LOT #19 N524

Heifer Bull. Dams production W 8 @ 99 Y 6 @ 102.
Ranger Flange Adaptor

...

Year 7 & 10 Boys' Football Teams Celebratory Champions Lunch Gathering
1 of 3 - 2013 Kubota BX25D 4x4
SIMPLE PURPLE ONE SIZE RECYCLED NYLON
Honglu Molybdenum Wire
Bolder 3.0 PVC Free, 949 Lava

---

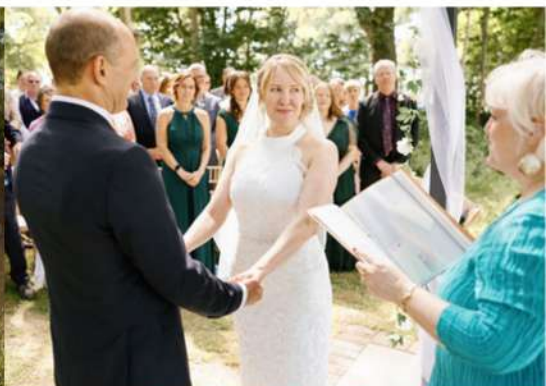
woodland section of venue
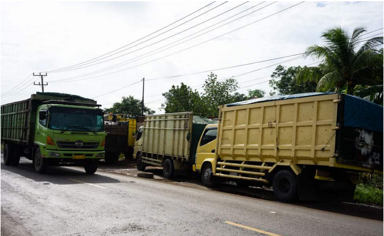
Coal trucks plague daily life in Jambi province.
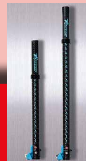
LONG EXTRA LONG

## Your instructions
Restate word for word the lines of the data above, starting at the line containing "Heifer Bull. Dams" and ending at the line containing "Ranger Flange Adaptor", both included, and nothing more.

## Answer for this exercise
Heifer Bull. Dams production W 8 @ 99 Y 6 @ 102.
Ranger Flange Adaptor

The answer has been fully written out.